> Information:
*** Begin section ***
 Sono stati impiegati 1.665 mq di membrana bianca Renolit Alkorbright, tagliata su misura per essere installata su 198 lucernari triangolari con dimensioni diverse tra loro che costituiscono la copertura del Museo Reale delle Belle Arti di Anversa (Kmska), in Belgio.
*** End section ***
*** Begin section ***
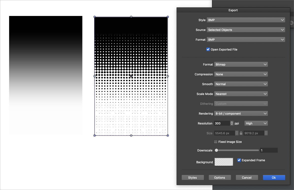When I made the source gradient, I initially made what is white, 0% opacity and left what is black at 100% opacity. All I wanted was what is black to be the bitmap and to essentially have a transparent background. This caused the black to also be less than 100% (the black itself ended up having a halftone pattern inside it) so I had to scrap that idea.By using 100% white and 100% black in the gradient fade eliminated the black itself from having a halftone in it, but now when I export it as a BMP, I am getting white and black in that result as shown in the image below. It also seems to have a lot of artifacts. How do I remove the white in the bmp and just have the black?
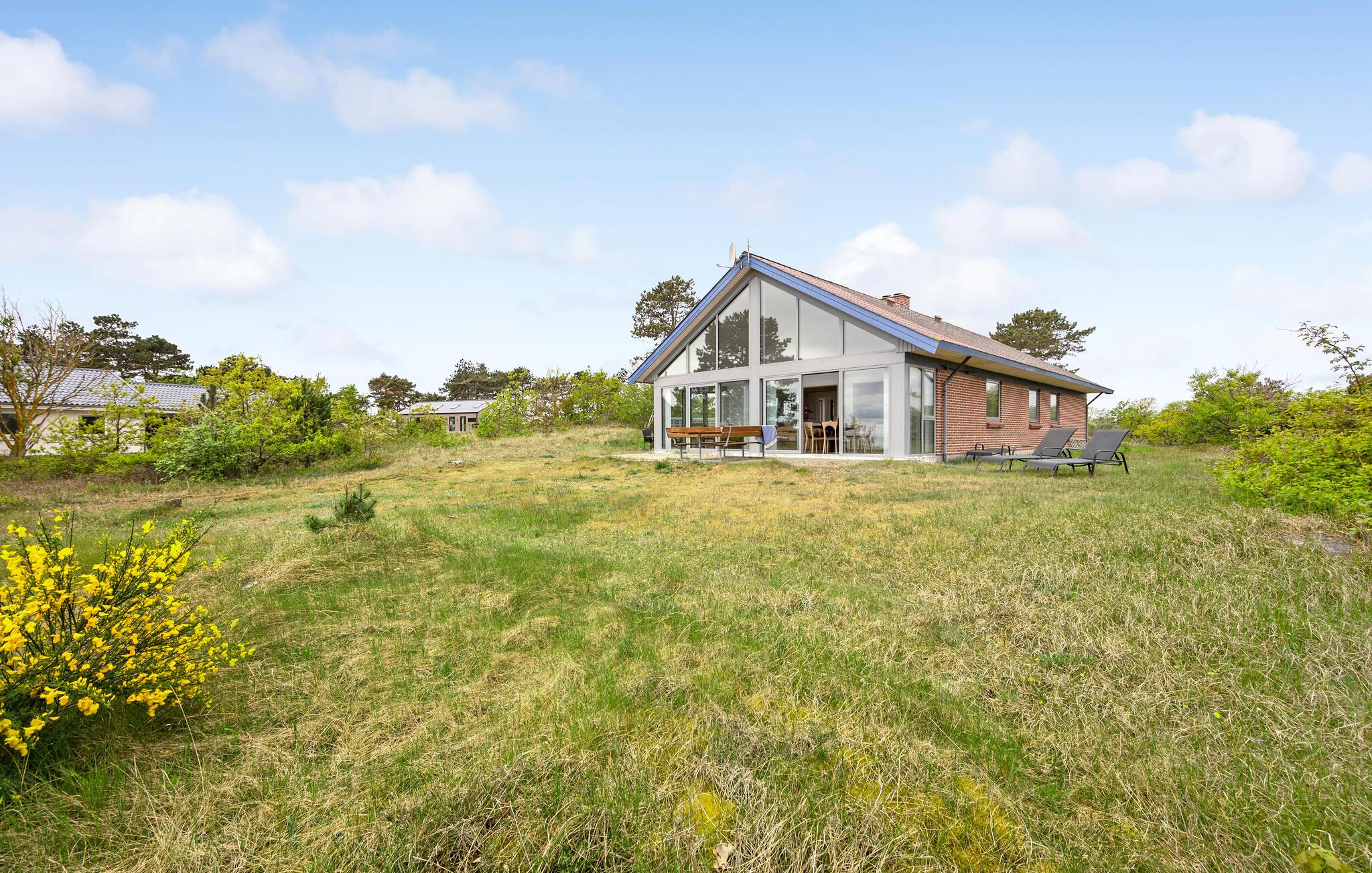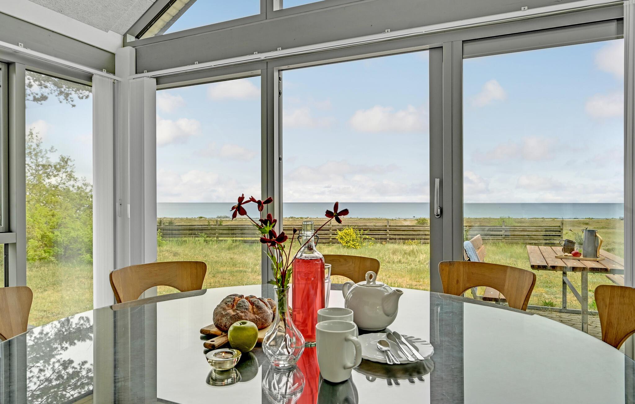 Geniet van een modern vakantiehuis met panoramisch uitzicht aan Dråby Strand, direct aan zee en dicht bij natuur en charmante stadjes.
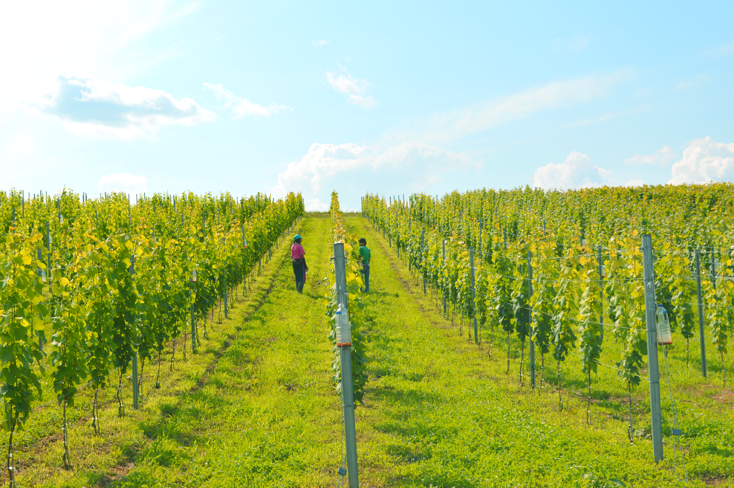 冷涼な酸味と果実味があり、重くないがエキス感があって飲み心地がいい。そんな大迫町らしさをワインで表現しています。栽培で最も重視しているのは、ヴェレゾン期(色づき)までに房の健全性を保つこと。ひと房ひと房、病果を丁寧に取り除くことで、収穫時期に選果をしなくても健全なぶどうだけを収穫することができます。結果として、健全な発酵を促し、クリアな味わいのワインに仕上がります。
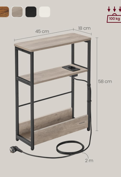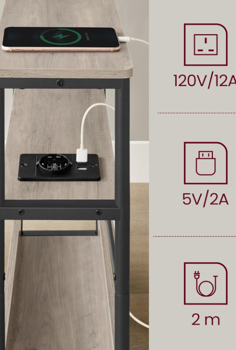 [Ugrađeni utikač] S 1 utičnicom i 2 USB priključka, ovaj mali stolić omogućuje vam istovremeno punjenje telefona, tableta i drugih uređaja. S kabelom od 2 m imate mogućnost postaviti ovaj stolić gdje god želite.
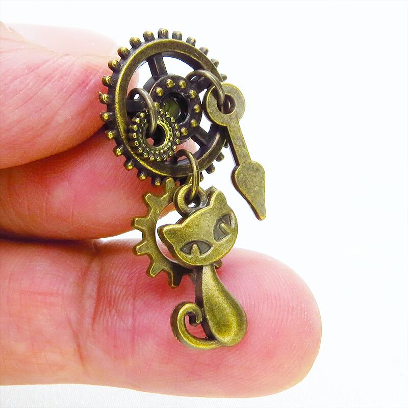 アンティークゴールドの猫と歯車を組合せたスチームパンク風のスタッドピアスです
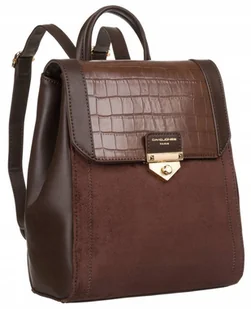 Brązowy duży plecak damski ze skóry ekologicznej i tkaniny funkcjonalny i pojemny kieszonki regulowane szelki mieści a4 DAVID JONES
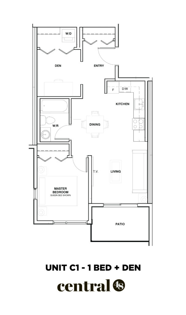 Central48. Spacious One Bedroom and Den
*** End section ***
> Problem details: The reply should hold the entries above from the line with "When I made" to the line with "Central48. Spacious One Bedroom and Den", duplicated exactly, pictures excluded.

> Answer to the problem:
When I made the source gradient, I initially made what is white, 0% opacity and left what is black at 100% opacity. All I wanted was what is black to be the bitmap and to essentially have a transparent background. This caused the black to also be less than 100% (the black itself ended up having a halftone pattern inside it) so I had to scrap that idea.By using 100% white and 100% black in the gradient fade eliminated the black itself from having a halftone in it, but now when I export it as a BMP, I am getting white and black in that result as shown in the image below. It also seems to have a lot of artifacts. How do I remove the white in the bmp and just have the black?
 Geniet van een modern vakantiehuis met panoramisch uitzicht aan Dråby Strand, direct aan zee en dicht bij natuur en charmante stadjes.
 冷涼な酸味と果実味があり、重くないがエキス感があって飲み心地がいい。そんな大迫町らしさをワインで表現しています。栽培で最も重視しているのは、ヴェレゾン期(色づき)までに房の健全性を保つこと。ひと房ひと房、病果を丁寧に取り除くことで、収穫時期に選果をしなくても健全なぶどうだけを収穫することができます。結果として、健全な発酵を促し、クリアな味わいのワインに仕上がります。
 [Ugrađeni utikač] S 1 utičnicom i 2 USB priključka, ovaj mali stolić omogućuje vam istovremeno punjenje telefona, tableta i drugih uređaja. S kabelom od 2 m imate mogućnost postaviti ovaj stolić gdje god želite.
 アンティークゴールドの猫と歯車を組合せたスチームパンク風のスタッドピアスです
 Brązowy duży plecak damski ze skóry ekologicznej i tkaniny funkcjonalny i pojemny kieszonki regulowane szelki mieści a4 DAVID JONES
 Central48. Spacious One Bedroom and Den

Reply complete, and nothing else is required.